Sample selection: We first ranked the FP and FN notes by IG score given to a key feature. To explain, the top ranking note is one that had a key feature with the highest weight. Rankings for FN and FP notes were done independently. We then selected the top ranked 15 notes in each set. We then removed five notes that had more than 500 words (in order to make it a bit easier on the annotators). This gave us a set of 12 FN and 13 FP notes. These notes were randomly shuffled before showing to the clinicians.
Manual annotation: Two clinicians independently annotated each note. They were given the full history of present illness and asked to decide if an ICD code pertaining to depression should or should not be assigned. They were also allowed to use a ‘not sure’ category. They agreed in 18/25 cases (kappa = 0.59; 85.7% agreement). Four notes had at least one judge mark ‘not sure’ while they disagreed on three notes. Gauged against the 18 decisions where the judges agreed, our model’s FP and FN decisions were correct in 78% (14/18). To explain, we marked an FP (FN) decision as correctly declared positive (negative) if both judges indicated that the note should (should not) be annotated with a depression ICD code. Interestingly, all FP decisions were declared correct (12/12) while a third (2/6) FN decisions were correct. These results are encouraging especially for the FP decisions.
Discussion
Our proposed model, CB-MH, is top ranked in F1 (0.62) while CB-Atn is best in F2 (0.71). The differences between their confidence intervals is slight (0.02 at most). Both models use attention. In the case of our model the run time for both training and testing with the Full set is approximately 122 minutes. We find that while scores are generally higher in the Full set compared to the Sample, notably confidence intervals are tighter with the larger set. Traditional machine learning algorithms do not fair as well as DL models. They seem less well equipped to capitalize on the semantics underlying diagnoses as well as DL models. DL models are good at reducing Type II errors achieving higher F2 scores compared to F1 scores. As pointed in a recent review of DL models operating off clinical texts27, it is important to continue comparing DL with traditional methods. While our DL models fared well, in 11% of the studies they surveyed DL algorithms performed worse than traditional machine learning algorithms.
Setting aside differences across papers, our best scores are lower than recent DL results for heart failure (F1: 0.9), COPD (F1: 0.9), and kidney diseases (F1: 0.92)12. Our LSTM (F1:0.54) also fared lower than an LSTM for cardio-vascular disease (F1:0.61)8. These differences underline the greater challenge in predicting mental illness with its fine distinctions between disease classes. Our results also point to room for improvement and the need for research on stronger decision models for this challenging problem setting.
A high majority (82%) of true positive model decisions for depression analyzed involve key features that appear in meaningful contexts. This points to model success in this regard. Interestingly, about half of the FPs analyzed involve features in contexts indicating disease presence - suggesting possible errors of omission in ICD labels. Our follow up small scale study using clinician judges lend further support to this suggestion. All of the model’s FPs reviewed by the judges using the notes where declared to be true positives. The FN group was the most challenging; 84% of analyzed notes had key features that were in unclear contexts. For some notes, the model was clearly incorrect, possibly there were weaknesses in the training data. In still others, evidence supporting a positive annotation for depression was not in the note. In this context, the clinician judges found a third of the model’s FN decisions to be true negatives. Overall, agreement between judges was moderate (clinician judgements) to strong (author judgements). This suggests - in general - that the task of looking for evidence supporting depression diagnosis, either in a text window of +/-15 words or in the whole note is more straightforward than nuanced.

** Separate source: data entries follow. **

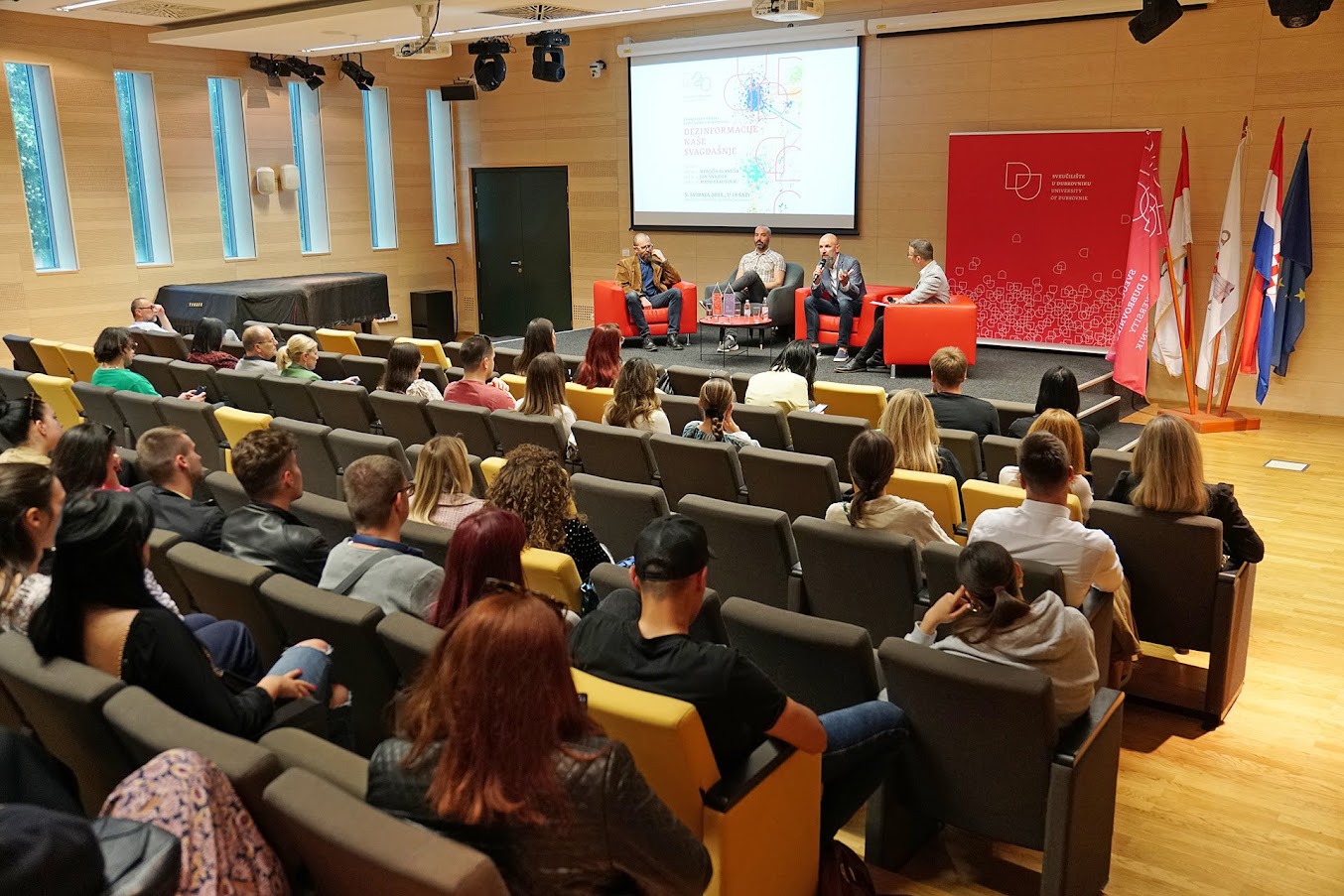 Jedanaesta znanstvena tribina Sveučilišta u Dubrovniku za javnost naslovljena „Dezinformacije naše svagdašnje“ održana je u Sveučilišnom kampusu. Sudjelovali su prof. dr. sc. Nebojša Blanuša s Fakulteta političkih znanosti u Zagrebu, prof. dr. sc. Jan Šnajder s Fakulteta elektrotehnike i računarstva u Zagrebu i pročelnik Odjela za komunikologiju Sveučilišta u Dubrovniku prof. dr. sc. Mato Brautović. Ova tribina dio je ciklusa koji Sveučilište u Dubrovniku nakon stanke zbog pandemije nastavlja u svojoj 20. obljetničkoj godini!
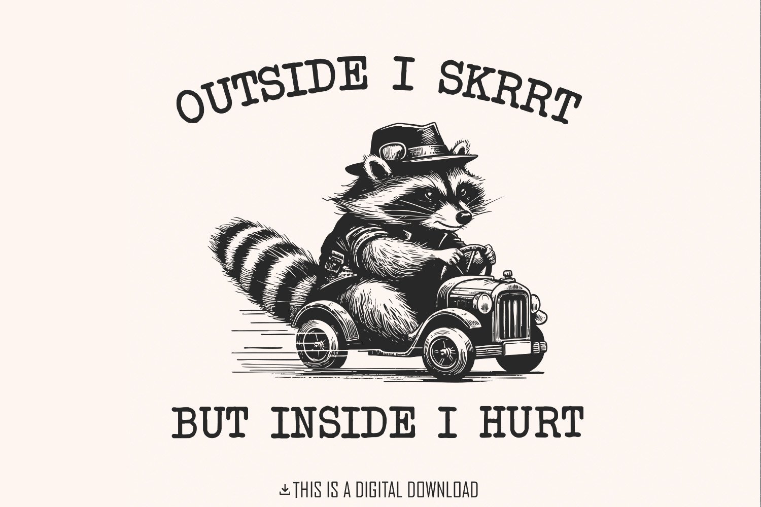 Outside I Skrrt But Inside I Hurt png PNG, Funny Raccoon Shirt Design, Trash Panda T-Shirt, Cute Illustration
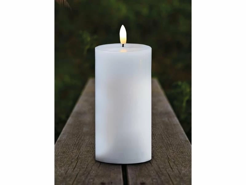 Erhellen Sie die Sommernächte mit der wasserdichten Outdoor-LED-Kerze Sille, die für jedes Wetter geeignet ist. Sie verleiht Ihrem Garten eine warme und flackernde Stimmung und
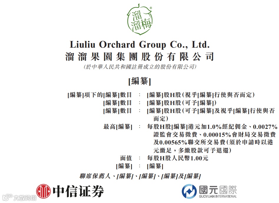 据港交所4月16日披露,溜溜果园集团股份有限公司向港交所主板提交上市申请书,中信证券、国元国际为联席保荐人。
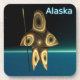 A brown-toned fractal image suggesting a highly-stylised Inuit hunter, wearing traditional fur clothing, holding a harpoon with an ivory head. The image is superimposed on a background depicting the dark polar winter. Text reading "Alaska" appears in glowing blue and white.

Our error analysis, especially with the false positives indicate a possibility for the future. Perhaps there is the potential for combining model prediction from free-text with interpretability based error analysis as a pathway towards strengthening, i.e., selectively correcting ICD annotations of clinical records. We will explore this in future research.
Conclusion
We compared seven deep learning and two traditional machine learning algorithms on the multi-class, multi-label problem of predicting mental illness from free-text notes. The tested models included one that we proposed CB-MH, a multi-head, soft-attention model. This model achieved the highest F1 score and a close to highest F2 score. Error analysis was conducted using Information Gradient methodology to identify features which contributed most to model decisions. We showed through clinician judgements that FPs with highest IG scoring features were actually TPs; similarly a third of the FNs were true negatives. We show a potential way forward for using DL models with error analysis through IG as a mechanism to correct ICD annotation errors in clinical datasets.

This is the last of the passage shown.